Defeating Prompt Injections by Design
This addresses security vulnerabilities in LLM agents for developers and users, representing an incremental improvement with a specific defense mechanism.
The paper tackles the problem of prompt injection attacks in LLM agents by proposing CaMeL, a defense that creates a protective system layer to secure LLMs when handling untrusted data, achieving 77% task success with provable security compared to 84% in an undefended system.

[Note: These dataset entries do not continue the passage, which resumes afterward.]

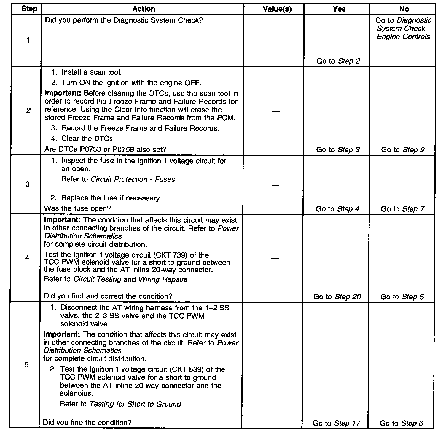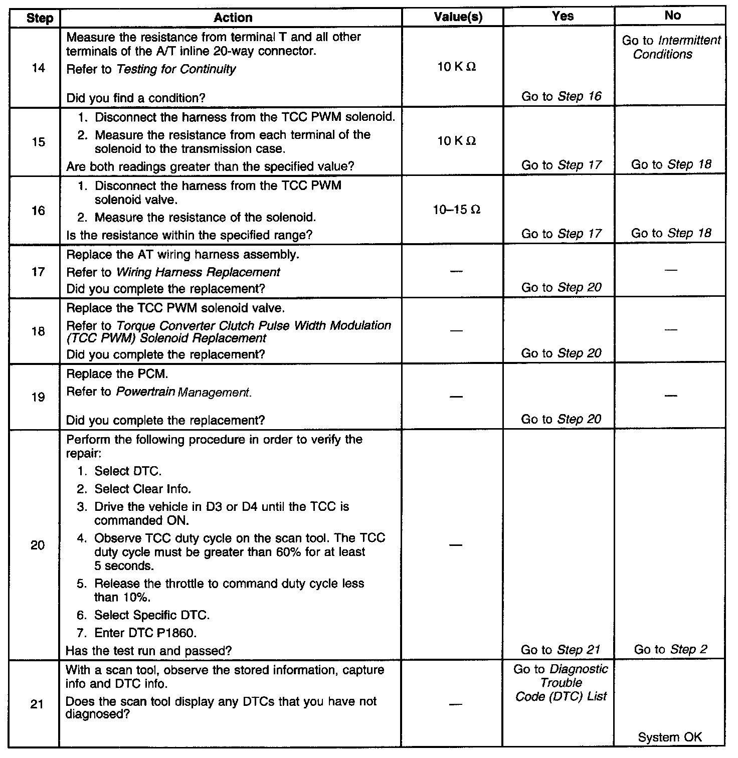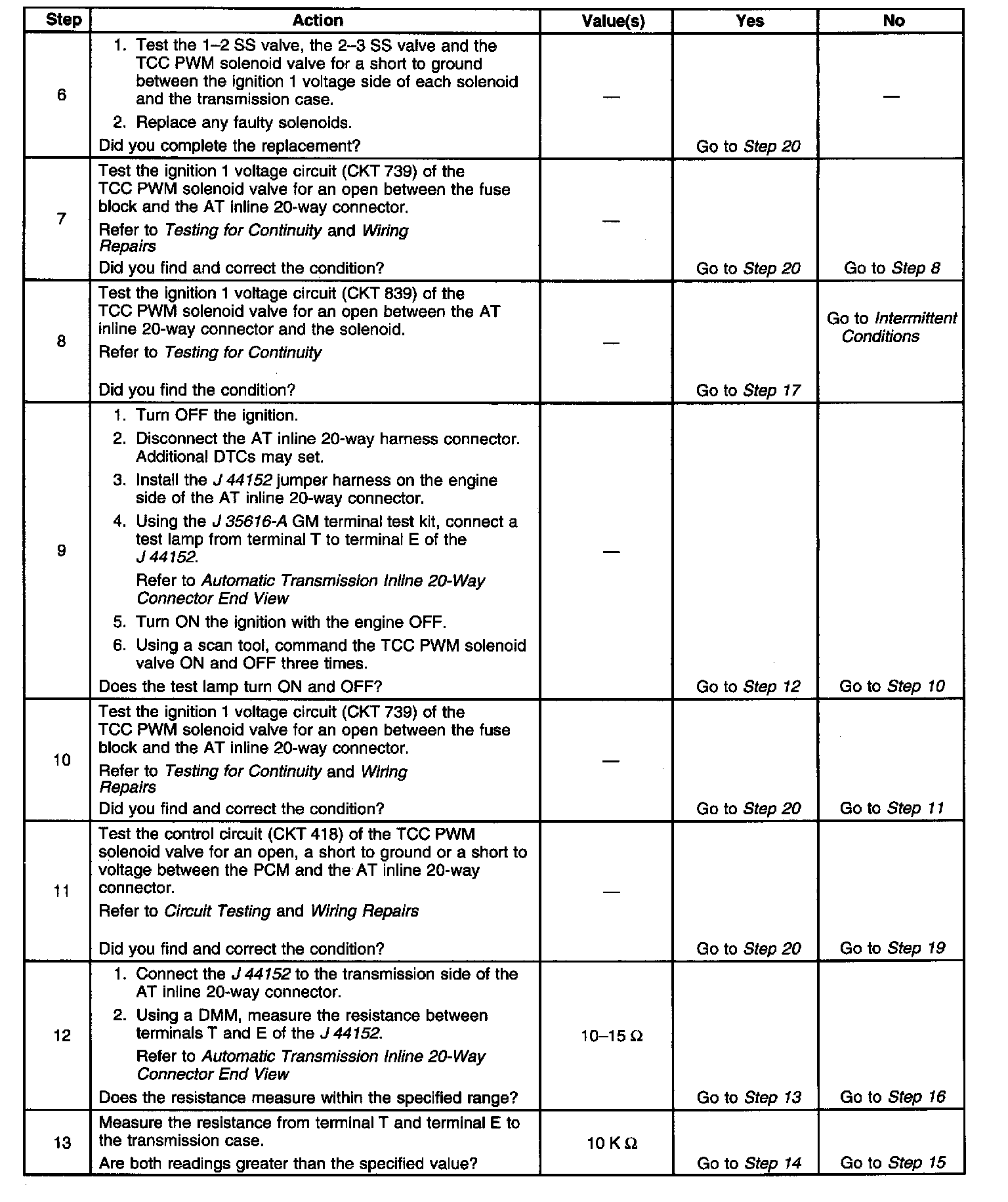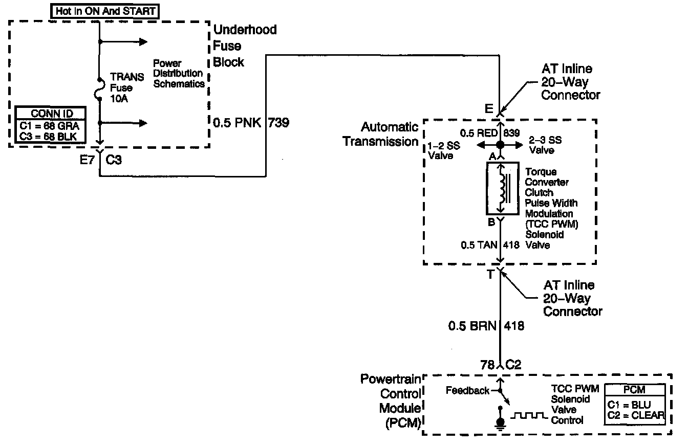 Ignition voltage is provided to the torque converter clutch pulse width modulation (TCC PWM) solenoid valve. The PCM controls the solenoid with a negative duty cycle in order to control application and release of the TCC. When the solenoid is commanded OFF, the PCM senses high voltage. When the solenoid is commanded ON, the PCM senses low voltage.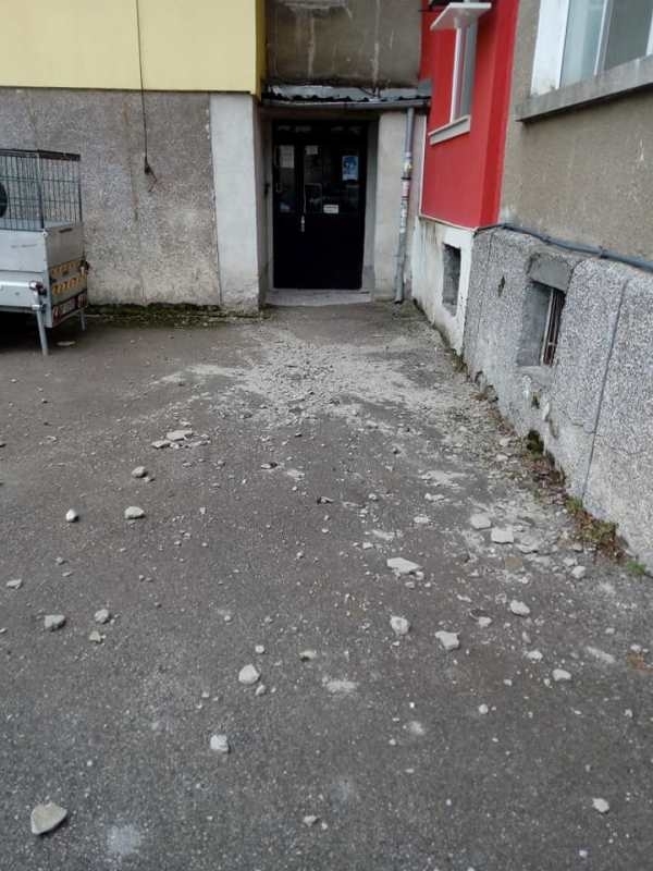 На снимките ясно се вижда, че блокът буквално се разпада и от него се е срутило голямо количество мазилка. Чист късмет е, че до момента няма пострадали хора.
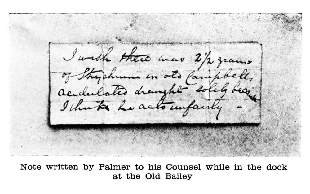 But let me hasten to a close. I am so heartbroken, so wearied out with fatigue, and pain, and grief; I am so utterly disgusted by these enumerations that I feel I cannot go on. From the first to the last my brother had no chance. You introduced him to the jury as a forger in the following words:—“There has been evidence which certainly implicates the prisoner in transactions of a very discreditable nature. It appears that he had forged a great many bills of exchange, and that he had entered into transactions not of a reputable nature.” If all this was irrelevant why did you introduce it? In the same tone was your allusion to the “student’s book,” which even the Crown abandoned. “This book has been laid before you in evidence, and certainly I think I need hardly beg of you to pay no regard to it, because it was a book that Palmer had when he was a surgeon, and at a time when I have no doubt he would have shrunk with horror at any such crime as that with which he is charged here to-day. There is, in the title page of the book, ‘Strychnia kills by causing tetanic fixing of the respiratory muscles,’ and in another part there is a description of what nux vomica is, and how strychnia is produced from it, with these words—‘Strychnia kills by causing tetanic fixing of the respiratory muscles.’ Again I say that I think this being found in his possession ought not to weigh at all against the prisoner at the bar” (report, p. 315). If it ought not to weigh against him, why, in Heaven’s name, did you so solemnly drag it in? Why did you read and re-read it? Would it not have been fairer to put it aside altogether than to impress it on the minds of the jury, and then tell them it ought not to weigh at all? Is it possible to believe you were sincere? Is it possible the jury could have drawn any other conclusion from your dwelling on it than that you wished them to regard it as proof of guilt?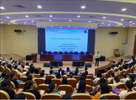 讲座伊始,张宇翔教授首先代表学院向考入我院的2020级新生致以衷心的祝贺和热烈的欢迎。随后,张教授围绕“英语学习策略”主题,以英语与英语学习策略为两个模块展开讲解,并对新生提出三点希望:一是要明确学习语言的意义,扩展自己的视野,了解各国文化;二是要掌握学习英语的重点,灵活使用英语;三是在学习英语的同时,要坚定“四个自信”,特别是文化自信。在逐步提高自身能力的同时,也要不断传承中华文化,成为新时代中华文化的传播者和弘扬者,树立正确的文化交流观。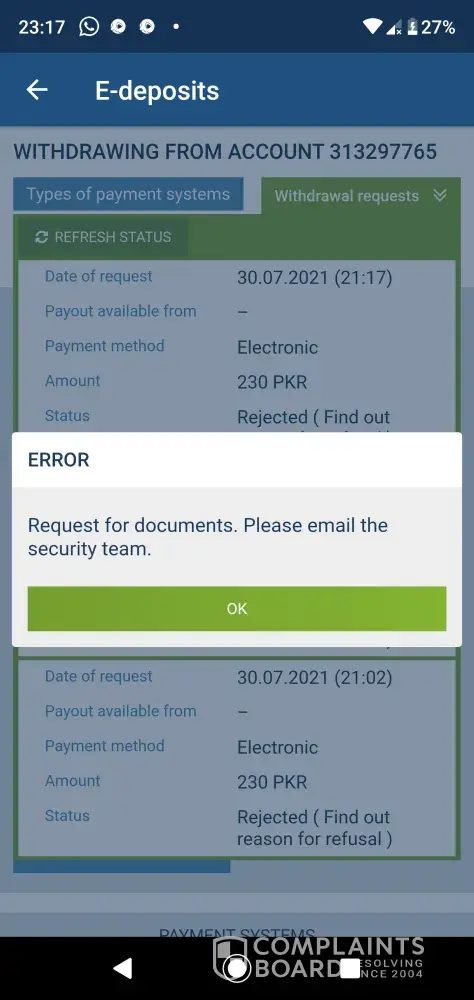 I've deposit by easy way but when i want to withdraw they asked me to verify my account and send my id and screenshots and I've done all instructions and they refused too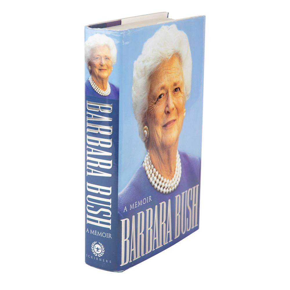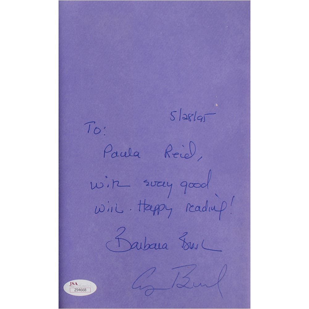 Signed book: Barbara Bush: A Memoir. First edition. NY: Charles Scribner's Sons, 1994. Hardcover with dust jacket, 6.5 x 9.5, 575 pages. Signed and inscribed on the first free end page in blue ink, "To: Paul Reid, with every good wish. Happy reading! Barbara Bush, 5/28/95," and in blue ballpoint, "George Bush." In fine condition, with a JSA label affixed to the signed page. Accompanied by a full letter of authenticity from JSA.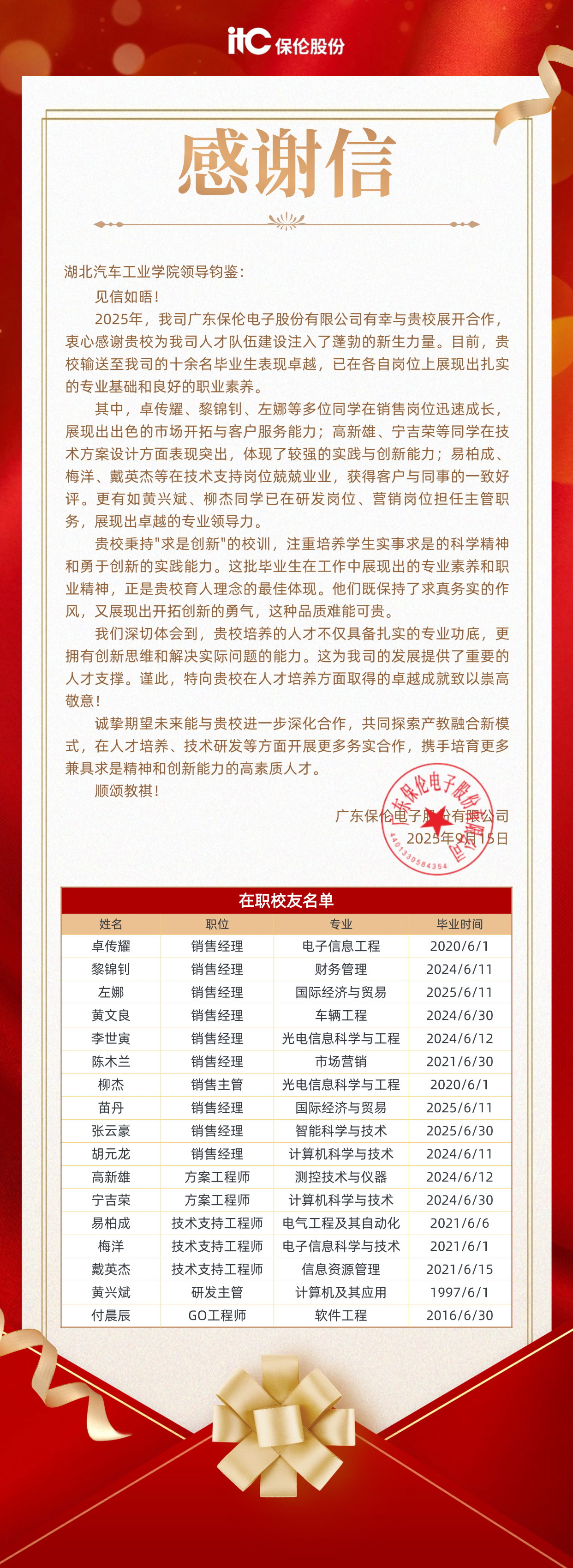 本网讯(文/陈君妍)9月15日,保伦电子股份有限公司向英国上市公司365发来感谢信,信中盛赞英国上市公司365测控技术与仪器专业高新雄、计算机科学与技术专业宁吉荣、电子信息工程专业卓传耀等17名毕业生在技术方案设计、技术支持、营销等岗位上展现出扎实的专业基础和良好的职业素养,部分毕业生已经担任主管职务,展现出卓越的专业领导力。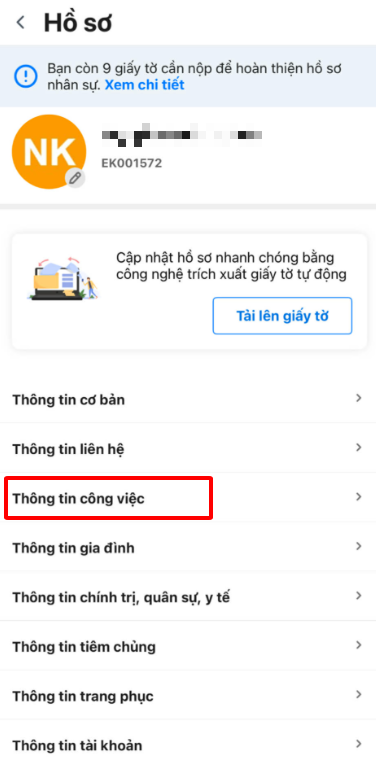 (Mobile) Xem khoản phụ cấp, khấu trừ trên điện thoại
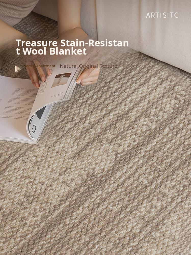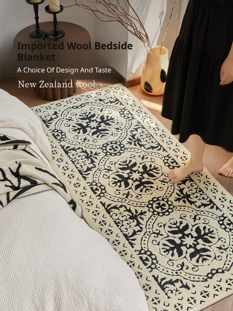 New Zealand Imported Wool Stain-Resistant Carpet - Wabi-Sabi Vintage Style Sofa Cushion, Lightweight Luxury Bedroom Bedside Rug, Chic Coffee Table Mat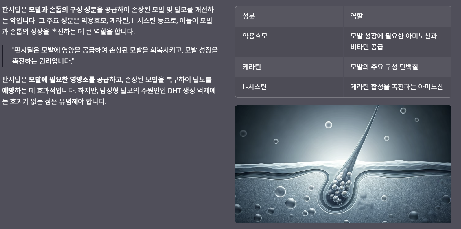 "판시딜은 모발에 영양을 공급하여 손상된 모발을 회복시키고, 모발 성장을 촉진하는 원리입니다."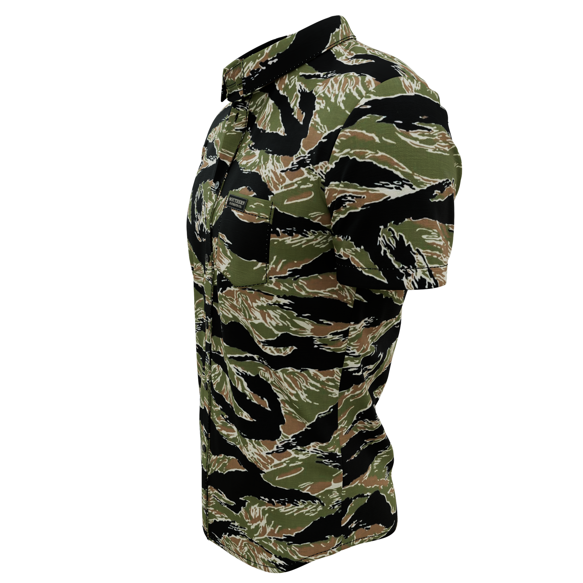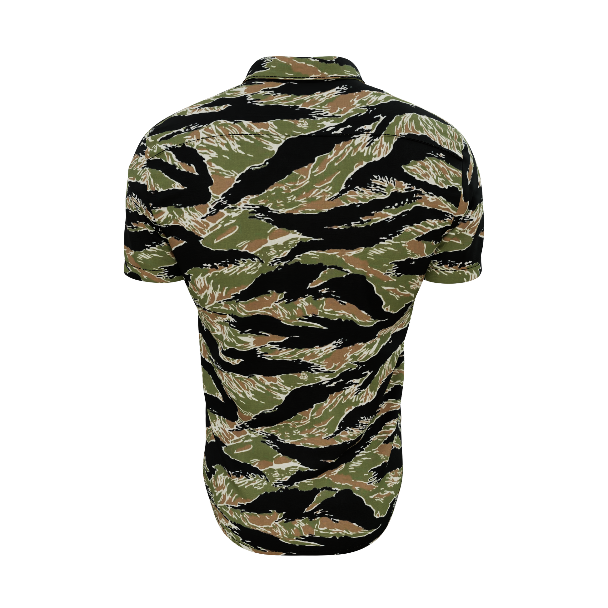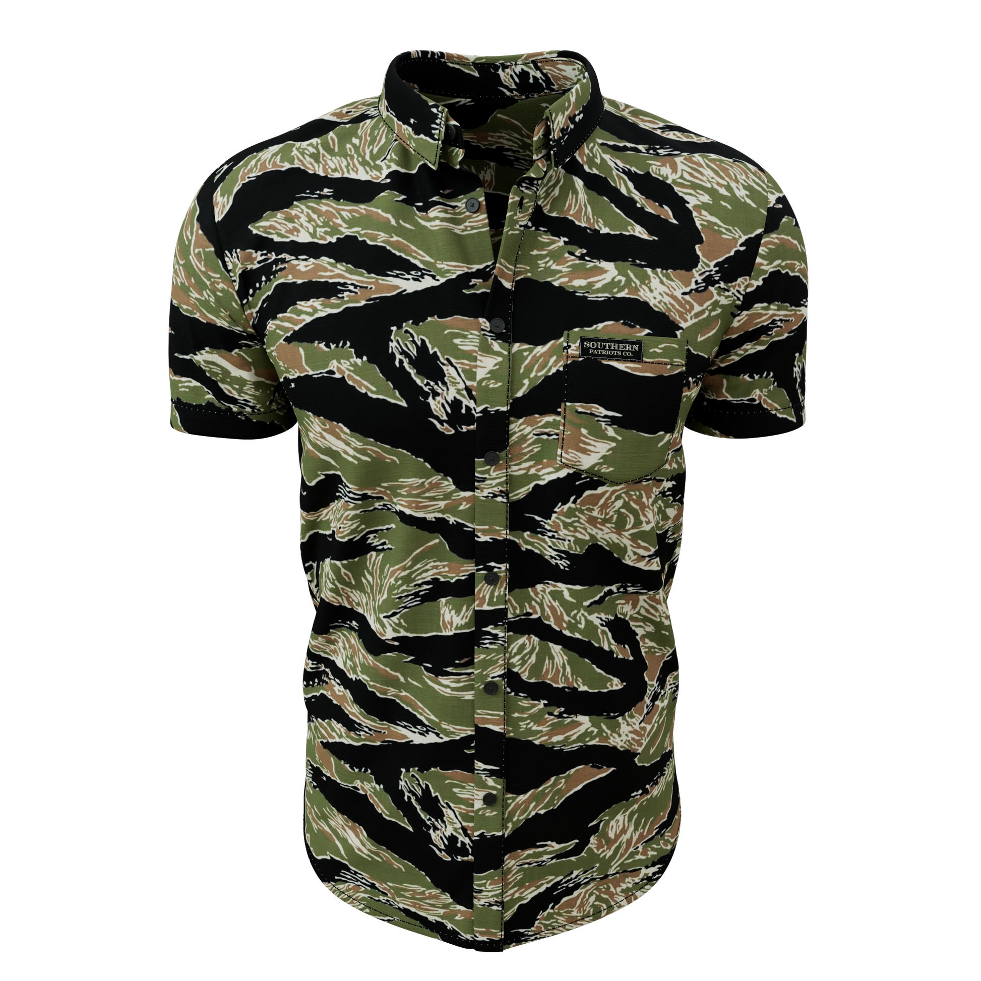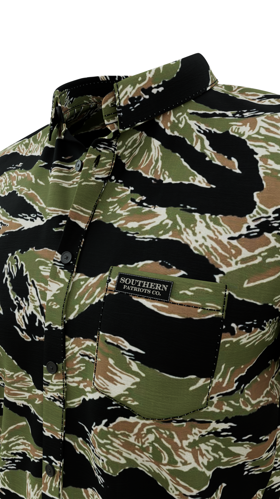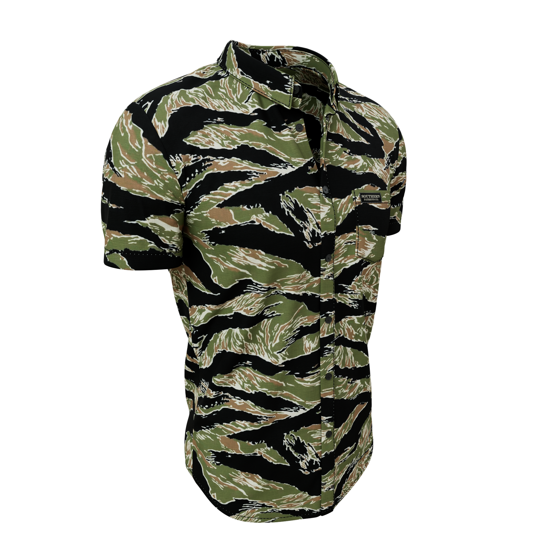 Tiger Stripe Camo, used some by American Armed Forces in the Vietnam War. It is 92% Poly, 8% Spandex. It is stretchy, durable, quick drying, moisture wicking, and it is UV 50+.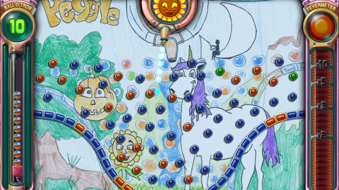 The sun has set at the Peggle Institute, but the bouncy delight has just begun! Join the Peggle Masters on a dreamtime adventure of alter egos and peg-tastic action. Stay up late to aim, shoot and clear orange pegs, and bask in Extreme Fever glory under the silver moon. Then, put your Peggle skills to the ultimate test in Challenge mode. If you can master all that fevered action, play to your heart's content with Duel mode and Quick Play. Plus, you can stock your Trophy Room and revel in clickable replays for even more rebounding joy! Explore all 60 levels in Adventure mode Meet a new Peggle Master and learn a new Magic Power Test your skills in 60 challenges Unlock Duel mode to compete against friends and the computer Celebrate your Peggle prowess with clickable replays and a Trophy Room!

Large Language Models (LLMs) are increasingly deployed in agentic systems that interact with an untrusted environment. However, LLM agents are vulnerable to prompt injection attacks when handling untrusted data. In this paper we propose CaMeL, a robust defense that creates a protective system layer around the LLM, securing it even when underlying models are susceptible to attacks. To operate, CaMeL explicitly extracts the control and data flows from the (trusted) query; therefore, the untrusted data retrieved by the LLM can never impact the program flow. To further improve security, CaMeL uses a notion of a capability to prevent the exfiltration of private data over unauthorized data flows by enforcing security policies when tools are called. We demonstrate effectiveness of CaMeL by solving $77\%$ of tasks with provable security (compared to $84\%$ with an undefended system) in AgentDojo. We release CaMeL at https://github.com/google-research/camel-prompt-injection.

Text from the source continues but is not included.